Wednesday, 5 March 2008

Buber in a Graveyard in Worms

For reasons too complex and personal to discuss here, I have developed over the years a deep emotional connection with all things "Jewish." I'm a Christian, but when I visit churches I often get the feeling of being out of place, that this is not my home and that there is so much more going on then that to which the Church witnesses to. The tension, if that's what it is, was highlighted for me on a recent visit to Worms, one of the Ashkenazi holy cities here in Germany. It has the oldest Jewish graveyard in Europe. As I stood amongst the broken stones I looked up at the cathedral I felt the painful tension: where do I belong? Who is our God and what is he doing? I was reminded of a Buber quote, which has become for me one of all my all time favorites (alongside another, related quote by Bonhoeffer).

I live a short distance from the city of Worms, to which I am also tied by ancestral tradition; and from time to time I visit there. When I do so, I always go first to the cathedral. It is a visible harmony of members, a whole in which no part deviates from the norm of perfection. I walk around the cathedral, gazing at it in perfect joy. Then I go to the Jewish cemetery. It is consists of cracked and crooked stones without shape or direction. I enter the cemetery and look up from this disorder to the marvelous harmony of the cathedral, and it seems to me as if I were looking from Israel up to the Church.
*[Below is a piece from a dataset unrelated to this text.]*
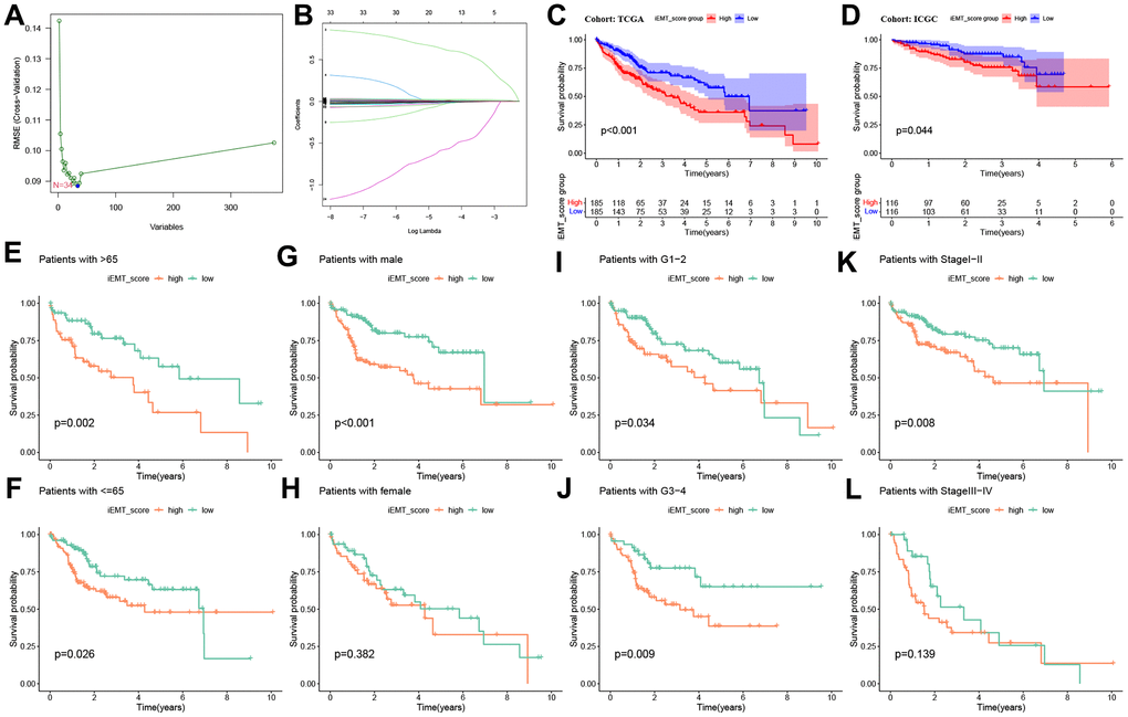 First, to identify the most important genes in iEMT, we used SVM-REF for further screening. The results showed that the optimal feature subset contains 34 iEMTs (Figure 2A). Then, we included OS data, identified three central genes (ARMC9, ADAM15, STC2, Figure 2B) using Lasso regression analysis, and constructed iEMT_score based on this. We then divided TCGA-HCC patients into high iEMT_score group and low iEMT_score group based on median iEMT_score. The Kaplan-Meier curve shows that patients in the higher iEMT_score group had worse OS than those in the low iEMT_score group (Figure 2C). Interestingly, this result was replicated in the validation cohort ICGC-HCC, where patients with low iEMT_score had better OS than those with high IEMT_score (Figure 2D). In addition, we further determined the prognostic value of iEMT_score in HCC patients with different pathological features. The results showed that iEMT_score could not effectively predict the prognosis of HCC patients in women and patients with tumor stages I-II, but showed excellent prognostic ability in the rest of the groups. Collectively, these results suggest that our iEMT_score can effectively predict the prognosis of HCC patients (Figure 2E–2L).

Here below there is no suggestion of form, only the stones and the ashes beneath the stones. The ashes are there, no matter how they have been scattered. The corporeality of human beings who have become ashes is there. It is there. It is there for me. It is there for me, not as corporeality within the space of this planet, but as corporeality deep in my own memories, back into the depths of history, back as far as Sinai.
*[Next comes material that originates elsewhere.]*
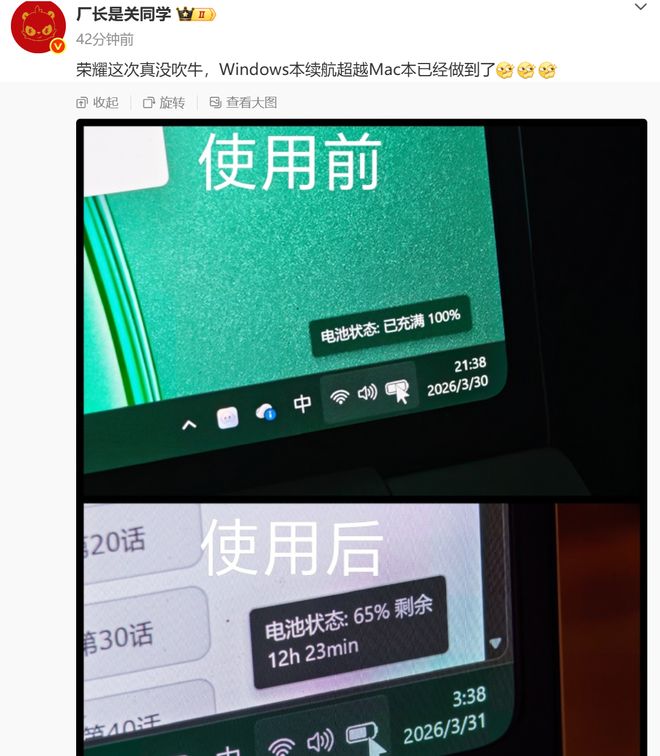 科技自媒体博主厂长是关同学实测发现,荣耀 MagicBook Pro 14 2026 经过 6 小时的日常模拟使用后,剩余电量 65%,系统提示仍可使用 12 小时 23 分钟。该博主评价表示,荣耀真的做到了让 Windows 本续航超越 Mac 本。

I have stood there; I have been united with the ashes and through them with the patriarchs. That is a remembrance of the divine-human encounter which is granted to all Jews. The perfection of the Christian God-space cannot divert me from this; nothing can divert me from the God-time of Israel.
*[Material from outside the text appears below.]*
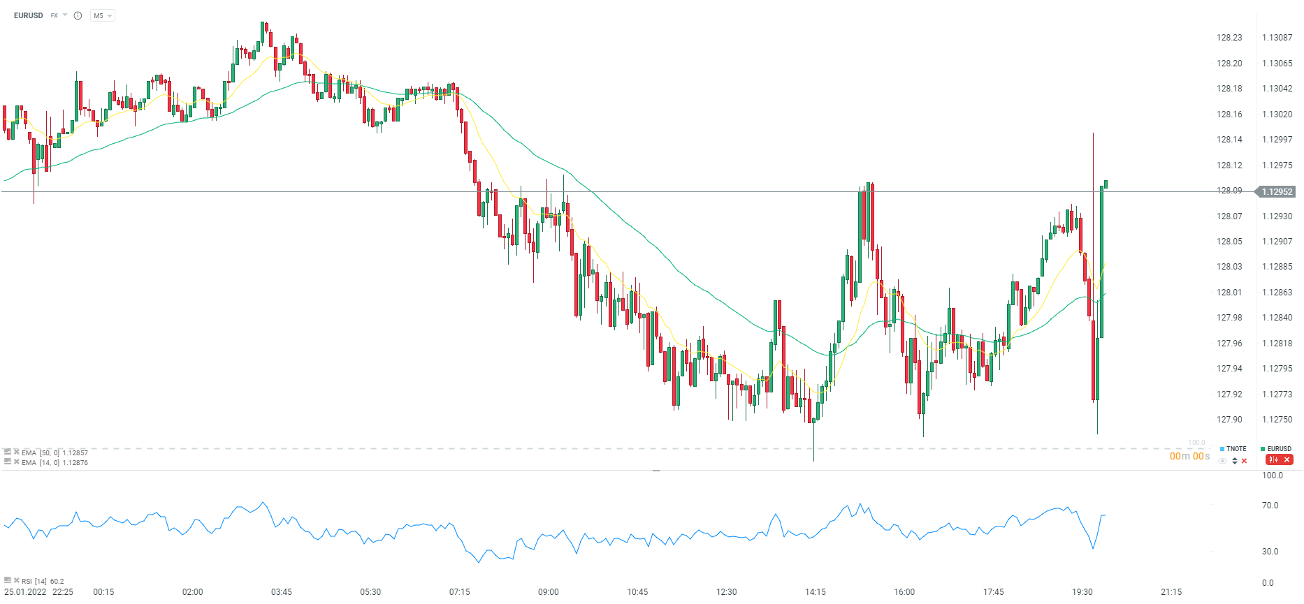 EURUSD z okolic dziennych dołków powraca w okolice szczytów z początku i środka sesji europejskiej. Zmiennośc nie jest jednak zbyt duża. Źródło: xStation5

I have stood there and I have experienced everything myself. I have experienced all the death that was before me; all the ashes, all the desolation, all the noiseless wailings become mine. But the covenant has not been withdrawn for me. I lie on the ground, prostrate like these stones. But it has not been withdrawn for me.
The cathedral is as it is. The cemetery is as it is. But nothing has been withdrawn for us." [*]
[*] Martin Buber, "Church, State, Nation, Jewry," Christianity: Some None-Christian Appraisals, ed. David W. McKain (New York: McGraw-Hill, 1964) 186-87.